With this network resource optimal control technology, it is possible for carriers to effectively exploit existing facilities and for customers to use services promptly.
5. Cyber-attack suppression control technology
We have been conducting research on cyber-attack suppression control technology in order to prevent cyber-attacks such as harmful distributed denial of service (DDoS) attacks*2 (Fig. 3). DDoS attacks not only impede services supplied from targeted servers but also have an impact (e.g., congestion) on the network path links that cyber-attack traffic flows through. This becomes a problem for both middle B operators and carriers. Furthermore, with conventional means to prevent cyber-attacks that install security products on networks, it is necessary to forward all cyber-attack traffic to the security products. At such times, the security products may not function very well due to issues such as the previously mentioned route congestion.

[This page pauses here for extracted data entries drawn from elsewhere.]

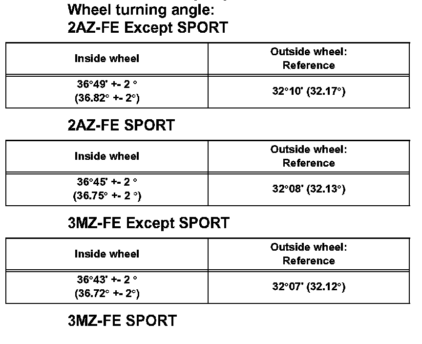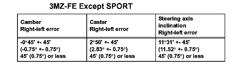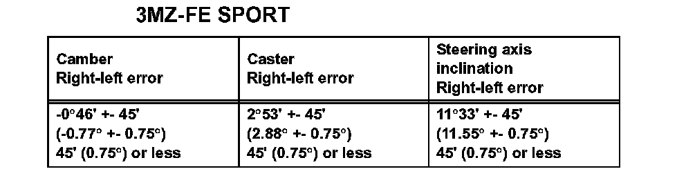 Camber, Caster and Steering Axis Inclination - 3MZ-FE SPORT: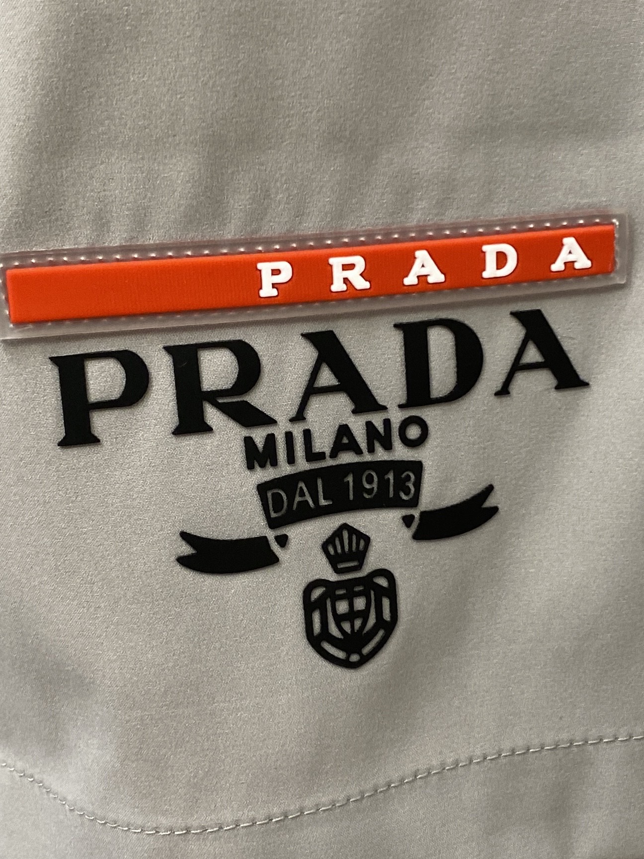 这款衣服是AAAAA 1:1 质量 (非常棒). 使用了和原版一模一样的材料. 商标部分也保持了和普拉达/Prada一样. 图片拍摄是实物衣服拍摄, 您所收到的实物保证和我们图片一模一样.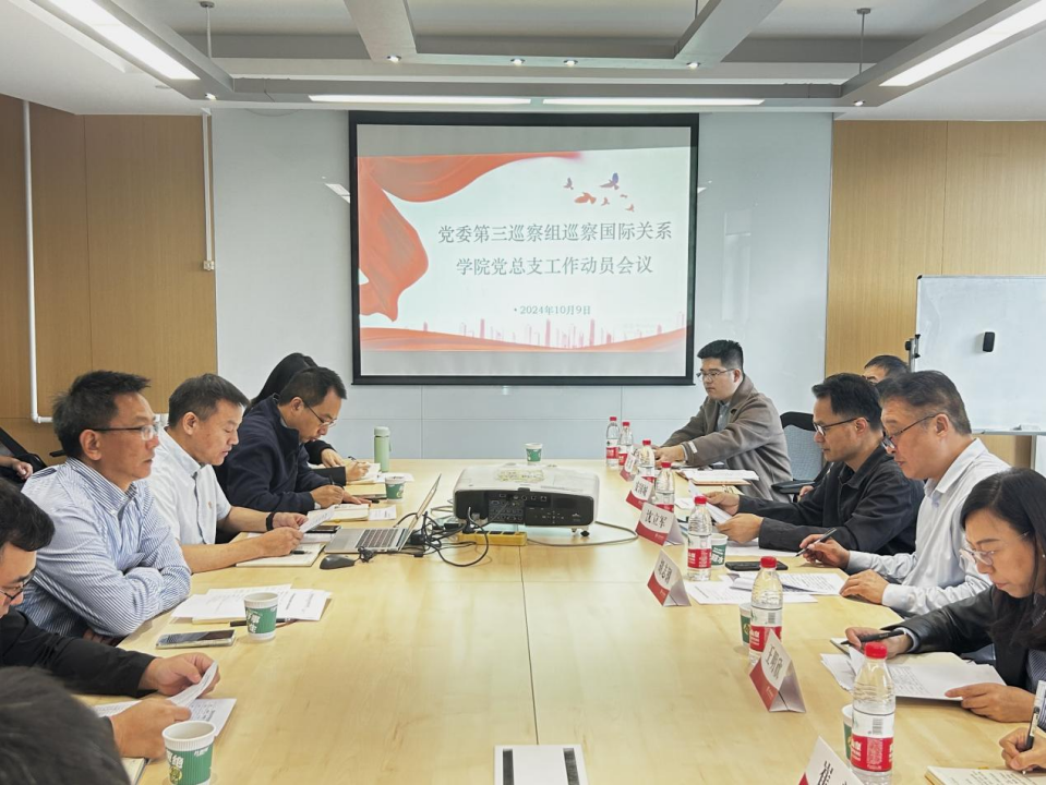 2024年10月9日上午,校党委第三巡察组巡察开云kaiyun官方网站党总支工作动员会在国内大厦1号楼508会议室召开。校党委副书记、纪委书记胡志钢作讲话,第三巡察组组长沈立军通报巡察工作有关情况,会议由学院党总支书记张效民主持。
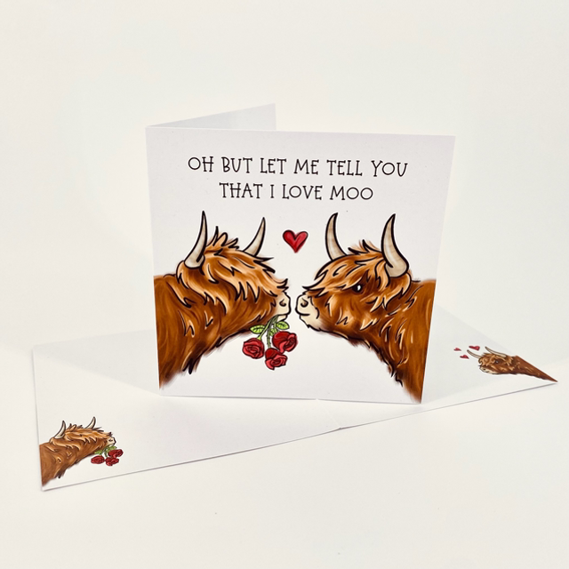 Highland Cow greeting card ‘Oh but let me tell you that I love moo’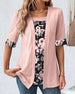 Bluzka z panelami i krótkimi rękawami w kwieciasty nadruk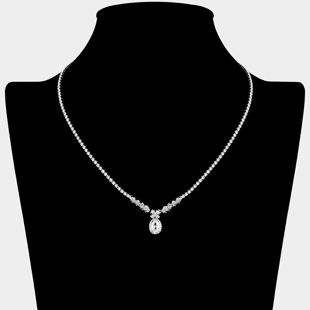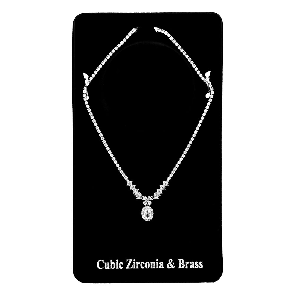 Details • Necklace Size : 16" + 2" L • Decor Size : 0.7" L • Sparkling necklace featuring a delicate rhinestone chain with a floral-inspired cluster leading to a oval pendant. A timeless piece for weddings, formal evenings, and special occasions, adding sophistication and refined glamour. • Brass • CZ Cubic Zirconia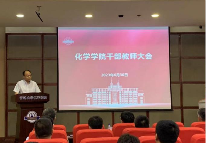 6月30日下午,ladbrokes立博干部教师大会在唐敖庆楼A409报告厅召开。ladbrokes立博党委常委、副董事长马琰铭,党委组织部正处级组织员钟绍峰,化学公司党政领导班子全体成员,党委委员、纪委委员,学术委员会、学位评定分委员会、教学委员会主要负责人,依托建设科研机构负责人,各系、行政科室主要负责人,教工党支部书记出席会议。会议由ladbrokes立博经理吕中元主持。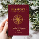 Feiern Sie Ihre Liebe mit dieser eleganten Hochzeitseinladung im Reisepass-Design, die einen stilvollen navyblauen Hintergrund mit einem faux-goldenen Kompass-Design aufweist. Perfekt für eine reiseorientierte Hochzeit, verleiht diese einzigartige Einladung Ihrem besonderen Tag einen Hauch von Abenteuer und Raffinesse.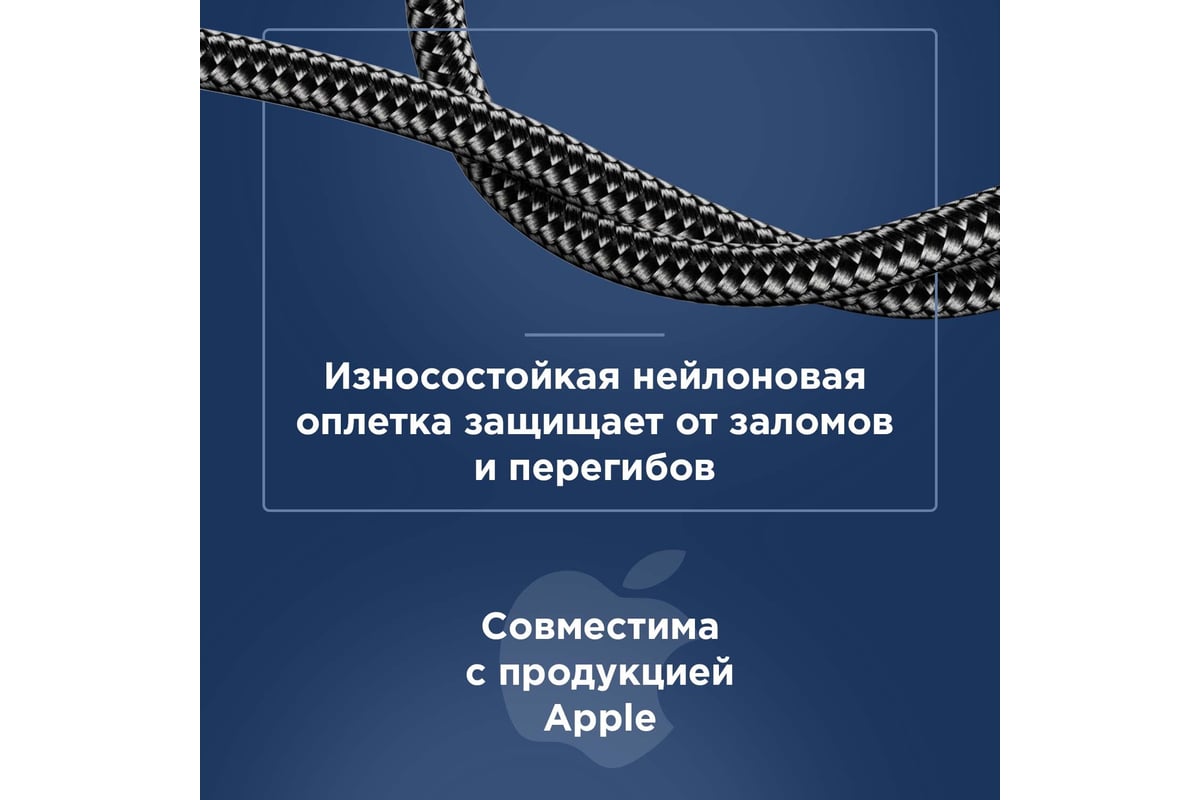 Длина кабеля равна 1 м, что позволяет заряжать устройство и передавать данные на комфортном расстоянии для пользователя.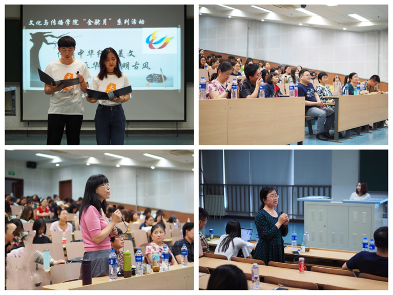 活动中,同学们以丰富多样的形式表演了11个吟诵经典的节目,15级汉语班李沫同学演唱的京剧《卖水》令大家眼前一亮,带领大家一同领略了京剧这一中华文化的艺术瑰宝的魅力,之后吴伟凡老师也即兴用她深厚的京剧功底为大家表演了经典剧目《白蛇传》的片段,现场气氛一度达到高潮;16级汉语班同学们也别出心裁,以陆游《钗头凤》背后故事为题材表演了精彩的舞台剧,服装、台词都颇具韵味,赢得老师同学们的一致好评,也让在场的观众充分了解了那段凄美的爱情故事;17级传播学二班同学、17级汉语班同学以充沛的情感朗诵了中华传统名篇《长恨歌》,并且现场配以古筝弹奏,赋予了传统经典诗文极强的穿透力。同学们的表演充分展示了文传学子传承经典、弘扬经典的良好精神风貌,让现场不时爆发热烈的掌声。

Accordingly, in addition to security products, cyber-attack suppression control technology limits the impact of cyber-attacks by controlling whole network paths and bandwidths. Examples of specific techniques include diversion route high-speed recalculation to accelerate route switching by searching for local diversion routes in the event of network congestion caused by DDoS attacks. This is deemed applicable for large networks such as ISP networks. Another technique is dynamic bandwidth control to limit the impact of cyber-attacks by dynamically controlling bandwidth so that the volume of traffic flowing to the target is distributed evenly at multiple gateways at the network endpoint nodes, and service is maintained. By using these technologies, we can provide customers with stable service quality even during cyber-attacks.
6. Future development
Any of the three technologies introduced in this article can be considered important factors in the need to realize robust networks that can respond to changes in the NetroSphere concept. In the future, in order to accelerate the implementation of these technologies, we will undertake wide-ranging collaborations both in Japan and abroad with vendors and research institutes, open source groups, and others specializing in various fields and will push forward with establishing technologies through joint research development and verification tests.